◆ AIM OF THE EXERCISE
Exactly the lines below starting at the line with "いよいよプール学習が始まりま" and ending at the line with "- 중국은 모든 화장품" are wanted, with both ends included. Leave out the pictures and add no other lines.

◆ SOURCE DATA

- - - - -

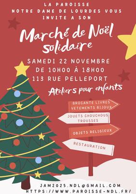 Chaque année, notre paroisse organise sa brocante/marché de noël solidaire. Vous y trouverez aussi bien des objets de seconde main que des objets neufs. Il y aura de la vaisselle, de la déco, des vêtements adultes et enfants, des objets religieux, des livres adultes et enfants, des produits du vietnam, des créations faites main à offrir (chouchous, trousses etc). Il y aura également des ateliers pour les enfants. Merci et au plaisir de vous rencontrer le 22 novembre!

- - - - -

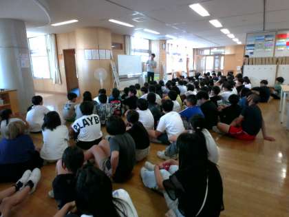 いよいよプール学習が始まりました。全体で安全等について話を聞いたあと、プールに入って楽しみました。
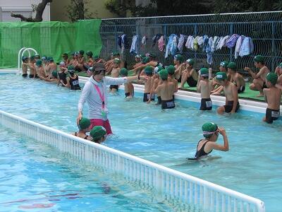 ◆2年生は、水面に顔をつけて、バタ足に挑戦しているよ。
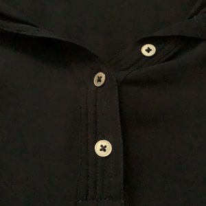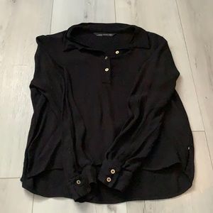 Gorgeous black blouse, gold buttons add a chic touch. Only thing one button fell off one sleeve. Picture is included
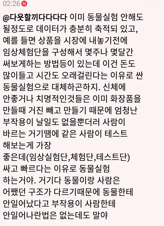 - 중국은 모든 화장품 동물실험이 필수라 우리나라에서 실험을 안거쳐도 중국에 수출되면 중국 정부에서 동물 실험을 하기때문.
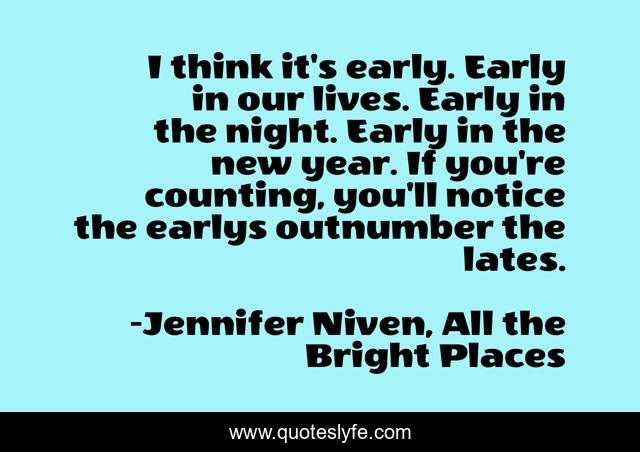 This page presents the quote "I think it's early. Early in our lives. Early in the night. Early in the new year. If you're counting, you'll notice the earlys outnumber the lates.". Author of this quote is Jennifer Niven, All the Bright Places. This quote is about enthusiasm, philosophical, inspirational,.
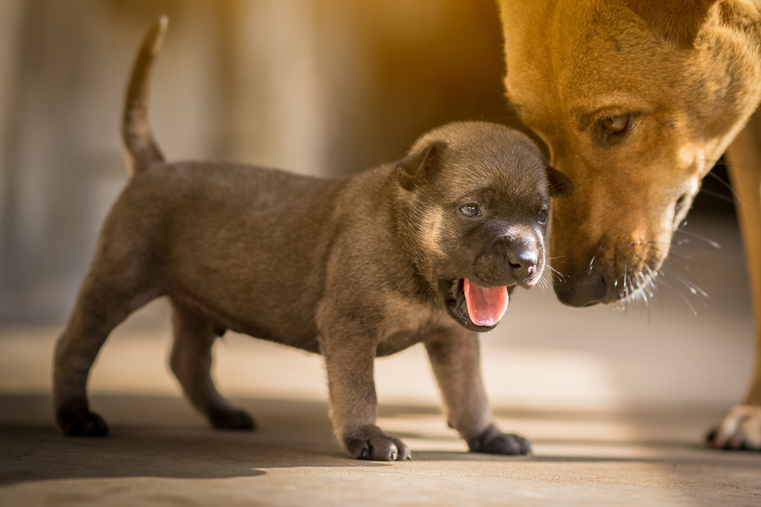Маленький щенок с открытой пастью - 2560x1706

- - - - -

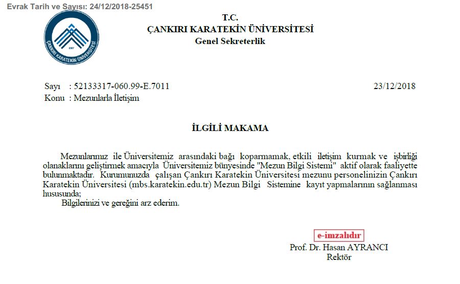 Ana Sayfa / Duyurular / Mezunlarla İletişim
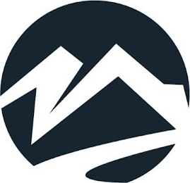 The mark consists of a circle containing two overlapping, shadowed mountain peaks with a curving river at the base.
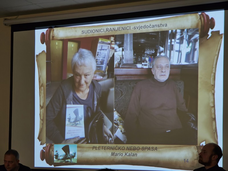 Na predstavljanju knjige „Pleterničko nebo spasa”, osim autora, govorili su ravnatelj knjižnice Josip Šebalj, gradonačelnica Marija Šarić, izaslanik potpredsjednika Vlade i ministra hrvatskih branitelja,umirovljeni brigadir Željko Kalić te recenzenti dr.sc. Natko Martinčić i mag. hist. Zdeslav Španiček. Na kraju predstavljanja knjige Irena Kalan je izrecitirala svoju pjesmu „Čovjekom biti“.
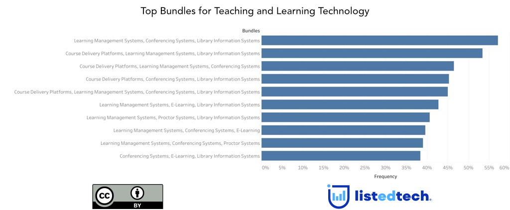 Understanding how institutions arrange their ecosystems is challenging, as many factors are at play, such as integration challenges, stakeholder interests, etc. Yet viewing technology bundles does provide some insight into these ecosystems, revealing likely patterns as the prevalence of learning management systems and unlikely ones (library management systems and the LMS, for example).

- - - - -

◆ ANSWER
 いよいよプール学習が始まりました。全体で安全等について話を聞いたあと、プールに入って楽しみました。
 ◆2年生は、水面に顔をつけて、バタ足に挑戦しているよ。
 Gorgeous black blouse, gold buttons add a chic touch. Only thing one button fell off one sleeve. Picture is included
 - 중국은 모든 화장품 동물실험이 필수라 우리나라에서 실험을 안거쳐도 중국에 수출되면 중국 정부에서 동물 실험을 하기때문.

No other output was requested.